**WHAT TO WORK ON:**
Copy the lines below verbatim. Begin with the first and end with the line containing "昊润通颗粒取暖炉生物质无烟柴".

**ENTRIES SUPPLIED:**
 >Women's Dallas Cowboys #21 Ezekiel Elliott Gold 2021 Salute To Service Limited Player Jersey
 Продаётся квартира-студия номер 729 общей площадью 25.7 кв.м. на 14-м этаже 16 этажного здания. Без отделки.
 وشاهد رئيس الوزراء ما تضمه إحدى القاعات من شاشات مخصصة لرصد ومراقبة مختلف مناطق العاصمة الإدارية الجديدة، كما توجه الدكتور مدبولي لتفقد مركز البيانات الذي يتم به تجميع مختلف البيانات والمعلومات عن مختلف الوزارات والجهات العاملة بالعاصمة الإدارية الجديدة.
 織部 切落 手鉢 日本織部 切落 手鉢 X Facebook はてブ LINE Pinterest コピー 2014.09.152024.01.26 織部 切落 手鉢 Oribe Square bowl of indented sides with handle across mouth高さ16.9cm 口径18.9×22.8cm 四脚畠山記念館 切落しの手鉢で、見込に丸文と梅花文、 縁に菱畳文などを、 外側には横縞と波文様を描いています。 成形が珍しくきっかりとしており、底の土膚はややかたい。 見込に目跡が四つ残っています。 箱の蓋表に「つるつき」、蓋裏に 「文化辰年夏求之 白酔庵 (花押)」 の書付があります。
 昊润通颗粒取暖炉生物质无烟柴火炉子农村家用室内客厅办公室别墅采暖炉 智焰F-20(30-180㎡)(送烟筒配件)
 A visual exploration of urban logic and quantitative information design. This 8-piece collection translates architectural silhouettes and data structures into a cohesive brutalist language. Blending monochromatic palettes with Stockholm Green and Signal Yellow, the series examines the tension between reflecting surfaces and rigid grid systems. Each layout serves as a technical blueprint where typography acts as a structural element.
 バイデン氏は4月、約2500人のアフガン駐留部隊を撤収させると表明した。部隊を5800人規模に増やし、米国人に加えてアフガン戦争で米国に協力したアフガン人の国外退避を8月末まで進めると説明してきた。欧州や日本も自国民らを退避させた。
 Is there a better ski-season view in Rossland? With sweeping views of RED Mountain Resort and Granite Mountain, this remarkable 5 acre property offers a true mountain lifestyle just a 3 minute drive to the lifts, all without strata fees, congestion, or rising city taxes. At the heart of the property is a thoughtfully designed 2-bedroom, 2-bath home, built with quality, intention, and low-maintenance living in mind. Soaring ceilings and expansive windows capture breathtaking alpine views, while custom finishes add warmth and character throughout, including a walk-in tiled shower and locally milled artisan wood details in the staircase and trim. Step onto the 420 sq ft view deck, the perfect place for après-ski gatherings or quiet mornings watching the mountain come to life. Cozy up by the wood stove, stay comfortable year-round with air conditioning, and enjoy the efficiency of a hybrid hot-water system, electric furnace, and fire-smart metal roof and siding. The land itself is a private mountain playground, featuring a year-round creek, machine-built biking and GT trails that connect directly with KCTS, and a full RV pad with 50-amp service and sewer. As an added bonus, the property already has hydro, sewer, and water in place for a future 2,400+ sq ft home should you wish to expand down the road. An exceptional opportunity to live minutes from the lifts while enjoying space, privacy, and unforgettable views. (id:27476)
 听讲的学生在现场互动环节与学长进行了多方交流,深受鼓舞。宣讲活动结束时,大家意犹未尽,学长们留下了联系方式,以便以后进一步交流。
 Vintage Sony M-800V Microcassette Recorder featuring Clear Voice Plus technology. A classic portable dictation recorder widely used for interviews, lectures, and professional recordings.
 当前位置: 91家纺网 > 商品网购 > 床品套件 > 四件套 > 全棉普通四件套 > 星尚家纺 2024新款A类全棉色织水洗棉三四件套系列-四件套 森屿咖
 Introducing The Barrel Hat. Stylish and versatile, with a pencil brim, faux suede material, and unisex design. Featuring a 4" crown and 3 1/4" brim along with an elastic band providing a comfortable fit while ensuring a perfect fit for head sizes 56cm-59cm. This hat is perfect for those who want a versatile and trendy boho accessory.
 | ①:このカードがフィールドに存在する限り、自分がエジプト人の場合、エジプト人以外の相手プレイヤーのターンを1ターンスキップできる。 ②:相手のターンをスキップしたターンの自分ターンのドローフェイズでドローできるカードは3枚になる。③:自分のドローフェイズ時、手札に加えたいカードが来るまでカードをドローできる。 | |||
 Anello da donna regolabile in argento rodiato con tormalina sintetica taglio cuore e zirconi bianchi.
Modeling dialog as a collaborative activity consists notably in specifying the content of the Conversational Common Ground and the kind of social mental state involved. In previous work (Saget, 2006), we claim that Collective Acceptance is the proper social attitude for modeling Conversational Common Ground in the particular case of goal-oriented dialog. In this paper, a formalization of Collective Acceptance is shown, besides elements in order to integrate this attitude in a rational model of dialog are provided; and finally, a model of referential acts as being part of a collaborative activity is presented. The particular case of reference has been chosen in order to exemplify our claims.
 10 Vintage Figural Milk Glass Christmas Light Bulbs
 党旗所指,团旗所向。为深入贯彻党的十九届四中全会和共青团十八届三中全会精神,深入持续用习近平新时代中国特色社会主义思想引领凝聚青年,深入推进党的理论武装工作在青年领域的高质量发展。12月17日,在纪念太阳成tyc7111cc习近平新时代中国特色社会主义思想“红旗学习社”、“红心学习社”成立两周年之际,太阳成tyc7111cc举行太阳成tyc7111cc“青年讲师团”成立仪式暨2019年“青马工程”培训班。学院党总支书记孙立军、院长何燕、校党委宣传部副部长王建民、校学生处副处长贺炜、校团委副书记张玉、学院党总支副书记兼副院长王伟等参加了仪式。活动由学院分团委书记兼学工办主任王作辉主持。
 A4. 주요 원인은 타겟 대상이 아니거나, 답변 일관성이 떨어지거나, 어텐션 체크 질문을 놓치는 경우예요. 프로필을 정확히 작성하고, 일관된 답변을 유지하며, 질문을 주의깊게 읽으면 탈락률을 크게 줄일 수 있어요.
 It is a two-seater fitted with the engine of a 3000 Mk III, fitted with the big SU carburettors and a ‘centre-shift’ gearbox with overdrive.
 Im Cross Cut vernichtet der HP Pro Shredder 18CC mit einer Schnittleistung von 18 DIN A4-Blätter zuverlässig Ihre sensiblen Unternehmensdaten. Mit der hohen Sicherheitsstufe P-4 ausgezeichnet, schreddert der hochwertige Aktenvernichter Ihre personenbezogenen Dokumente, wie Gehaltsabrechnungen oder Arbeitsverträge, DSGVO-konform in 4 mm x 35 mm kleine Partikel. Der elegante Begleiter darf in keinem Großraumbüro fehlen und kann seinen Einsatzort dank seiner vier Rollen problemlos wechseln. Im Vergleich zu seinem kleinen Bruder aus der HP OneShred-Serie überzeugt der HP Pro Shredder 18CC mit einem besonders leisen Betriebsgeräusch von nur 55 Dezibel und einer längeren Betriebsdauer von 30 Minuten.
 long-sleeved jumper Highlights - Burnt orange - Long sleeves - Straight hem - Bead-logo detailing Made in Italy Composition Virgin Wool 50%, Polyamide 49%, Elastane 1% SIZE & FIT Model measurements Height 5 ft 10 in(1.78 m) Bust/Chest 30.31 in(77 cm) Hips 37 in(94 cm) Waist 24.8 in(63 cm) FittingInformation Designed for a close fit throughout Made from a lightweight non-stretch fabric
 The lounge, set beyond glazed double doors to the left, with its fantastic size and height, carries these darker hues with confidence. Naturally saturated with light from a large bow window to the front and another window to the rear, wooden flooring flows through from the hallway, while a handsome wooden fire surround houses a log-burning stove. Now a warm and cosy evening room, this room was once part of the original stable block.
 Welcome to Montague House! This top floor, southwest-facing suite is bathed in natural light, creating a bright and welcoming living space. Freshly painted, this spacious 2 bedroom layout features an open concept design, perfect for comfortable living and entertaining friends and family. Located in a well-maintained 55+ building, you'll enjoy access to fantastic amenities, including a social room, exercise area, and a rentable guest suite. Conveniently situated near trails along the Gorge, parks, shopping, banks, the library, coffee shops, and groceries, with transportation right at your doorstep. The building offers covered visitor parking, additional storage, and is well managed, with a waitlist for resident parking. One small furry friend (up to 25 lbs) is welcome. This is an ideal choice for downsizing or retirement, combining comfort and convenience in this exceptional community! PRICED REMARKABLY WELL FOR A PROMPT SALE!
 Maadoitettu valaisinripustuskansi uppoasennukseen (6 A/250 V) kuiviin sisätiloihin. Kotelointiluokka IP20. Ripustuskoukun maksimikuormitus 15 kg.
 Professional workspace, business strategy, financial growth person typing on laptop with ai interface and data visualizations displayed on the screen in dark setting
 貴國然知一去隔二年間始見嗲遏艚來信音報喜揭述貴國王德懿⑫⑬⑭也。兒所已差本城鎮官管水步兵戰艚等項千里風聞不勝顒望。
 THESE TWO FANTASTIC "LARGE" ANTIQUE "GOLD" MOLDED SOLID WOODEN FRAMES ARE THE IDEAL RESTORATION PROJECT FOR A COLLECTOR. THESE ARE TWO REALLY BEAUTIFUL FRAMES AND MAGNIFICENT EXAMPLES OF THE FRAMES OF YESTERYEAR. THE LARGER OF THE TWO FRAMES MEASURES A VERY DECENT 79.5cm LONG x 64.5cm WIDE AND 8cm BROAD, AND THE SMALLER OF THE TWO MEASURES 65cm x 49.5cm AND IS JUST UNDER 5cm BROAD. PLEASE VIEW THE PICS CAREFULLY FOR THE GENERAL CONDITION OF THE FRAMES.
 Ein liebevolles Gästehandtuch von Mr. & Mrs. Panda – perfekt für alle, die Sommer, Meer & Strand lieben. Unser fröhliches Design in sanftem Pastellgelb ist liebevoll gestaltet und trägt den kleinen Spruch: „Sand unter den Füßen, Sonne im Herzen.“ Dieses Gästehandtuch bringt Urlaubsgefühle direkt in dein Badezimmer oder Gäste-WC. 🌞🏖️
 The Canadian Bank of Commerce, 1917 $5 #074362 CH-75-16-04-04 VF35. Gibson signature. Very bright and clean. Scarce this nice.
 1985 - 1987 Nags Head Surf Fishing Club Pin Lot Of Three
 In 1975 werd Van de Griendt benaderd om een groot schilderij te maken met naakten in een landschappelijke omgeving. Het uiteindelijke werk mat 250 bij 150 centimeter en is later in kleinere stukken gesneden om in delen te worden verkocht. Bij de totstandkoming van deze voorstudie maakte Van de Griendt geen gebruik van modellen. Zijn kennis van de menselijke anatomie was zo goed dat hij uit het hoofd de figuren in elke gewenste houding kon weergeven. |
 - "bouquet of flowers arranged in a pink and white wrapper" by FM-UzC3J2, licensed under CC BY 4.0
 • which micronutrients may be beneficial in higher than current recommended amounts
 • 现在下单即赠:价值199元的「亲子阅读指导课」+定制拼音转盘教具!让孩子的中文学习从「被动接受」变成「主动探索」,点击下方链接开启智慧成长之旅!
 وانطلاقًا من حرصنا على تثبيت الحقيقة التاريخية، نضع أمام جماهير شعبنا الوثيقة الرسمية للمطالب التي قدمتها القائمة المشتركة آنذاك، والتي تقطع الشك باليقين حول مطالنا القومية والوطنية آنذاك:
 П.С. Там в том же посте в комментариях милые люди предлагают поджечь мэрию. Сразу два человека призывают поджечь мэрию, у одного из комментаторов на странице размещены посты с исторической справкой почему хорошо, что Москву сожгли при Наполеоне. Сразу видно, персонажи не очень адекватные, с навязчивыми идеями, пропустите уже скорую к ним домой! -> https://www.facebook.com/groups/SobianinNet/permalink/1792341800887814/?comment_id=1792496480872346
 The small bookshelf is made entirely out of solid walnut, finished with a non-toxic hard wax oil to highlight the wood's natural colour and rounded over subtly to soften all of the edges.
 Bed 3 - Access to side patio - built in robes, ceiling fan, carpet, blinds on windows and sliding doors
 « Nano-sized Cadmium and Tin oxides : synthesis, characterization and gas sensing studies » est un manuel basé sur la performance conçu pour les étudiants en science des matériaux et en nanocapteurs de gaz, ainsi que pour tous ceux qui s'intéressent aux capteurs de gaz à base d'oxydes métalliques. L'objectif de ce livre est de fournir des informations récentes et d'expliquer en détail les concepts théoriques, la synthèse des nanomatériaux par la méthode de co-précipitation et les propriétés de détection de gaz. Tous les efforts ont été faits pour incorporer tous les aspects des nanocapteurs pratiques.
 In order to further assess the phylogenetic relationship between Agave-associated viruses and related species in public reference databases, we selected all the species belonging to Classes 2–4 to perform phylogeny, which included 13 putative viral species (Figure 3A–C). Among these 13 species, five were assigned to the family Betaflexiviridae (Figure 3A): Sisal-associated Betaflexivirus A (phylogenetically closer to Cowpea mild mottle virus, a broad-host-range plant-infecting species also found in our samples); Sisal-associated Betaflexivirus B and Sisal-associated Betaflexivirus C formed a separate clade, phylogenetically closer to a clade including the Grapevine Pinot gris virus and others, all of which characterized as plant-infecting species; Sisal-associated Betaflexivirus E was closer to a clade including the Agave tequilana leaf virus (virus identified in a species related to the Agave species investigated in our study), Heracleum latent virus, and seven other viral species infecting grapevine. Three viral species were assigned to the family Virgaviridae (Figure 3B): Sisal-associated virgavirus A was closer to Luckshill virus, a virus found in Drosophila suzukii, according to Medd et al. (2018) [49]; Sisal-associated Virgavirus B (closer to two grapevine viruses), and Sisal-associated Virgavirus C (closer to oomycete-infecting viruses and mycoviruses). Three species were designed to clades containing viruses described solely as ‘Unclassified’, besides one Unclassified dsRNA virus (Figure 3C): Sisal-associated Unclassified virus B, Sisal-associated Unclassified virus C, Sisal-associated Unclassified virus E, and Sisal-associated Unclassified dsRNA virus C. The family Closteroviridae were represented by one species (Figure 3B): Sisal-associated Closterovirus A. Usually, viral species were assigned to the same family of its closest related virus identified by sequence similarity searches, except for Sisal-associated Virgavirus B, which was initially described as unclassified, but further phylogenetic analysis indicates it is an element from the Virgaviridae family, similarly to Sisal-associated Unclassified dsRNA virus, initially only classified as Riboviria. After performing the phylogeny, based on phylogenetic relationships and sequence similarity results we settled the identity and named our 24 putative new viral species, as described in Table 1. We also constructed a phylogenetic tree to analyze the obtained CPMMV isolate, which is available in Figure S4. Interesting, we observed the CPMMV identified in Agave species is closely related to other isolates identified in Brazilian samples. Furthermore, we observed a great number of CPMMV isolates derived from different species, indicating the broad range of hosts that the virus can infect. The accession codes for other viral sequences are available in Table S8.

**RESPONSE:**
 >Women's Dallas Cowboys #21 Ezekiel Elliott Gold 2021 Salute To Service Limited Player Jersey
 Продаётся квартира-студия номер 729 общей площадью 25.7 кв.м. на 14-м этаже 16 этажного здания. Без отделки.
 وشاهد رئيس الوزراء ما تضمه إحدى القاعات من شاشات مخصصة لرصد ومراقبة مختلف مناطق العاصمة الإدارية الجديدة، كما توجه الدكتور مدبولي لتفقد مركز البيانات الذي يتم به تجميع مختلف البيانات والمعلومات عن مختلف الوزارات والجهات العاملة بالعاصمة الإدارية الجديدة.
 織部 切落 手鉢 日本織部 切落 手鉢 X Facebook はてブ LINE Pinterest コピー 2014.09.152024.01.26 織部 切落 手鉢 Oribe Square bowl of indented sides with handle across mouth高さ16.9cm 口径18.9×22.8cm 四脚畠山記念館 切落しの手鉢で、見込に丸文と梅花文、 縁に菱畳文などを、 外側には横縞と波文様を描いています。 成形が珍しくきっかりとしており、底の土膚はややかたい。 見込に目跡が四つ残っています。 箱の蓋表に「つるつき」、蓋裏に 「文化辰年夏求之 白酔庵 (花押)」 の書付があります。
 昊润通颗粒取暖炉生物质无烟柴火炉子农村家用室内客厅办公室别墅采暖炉 智焰F-20(30-180㎡)(送烟筒配件)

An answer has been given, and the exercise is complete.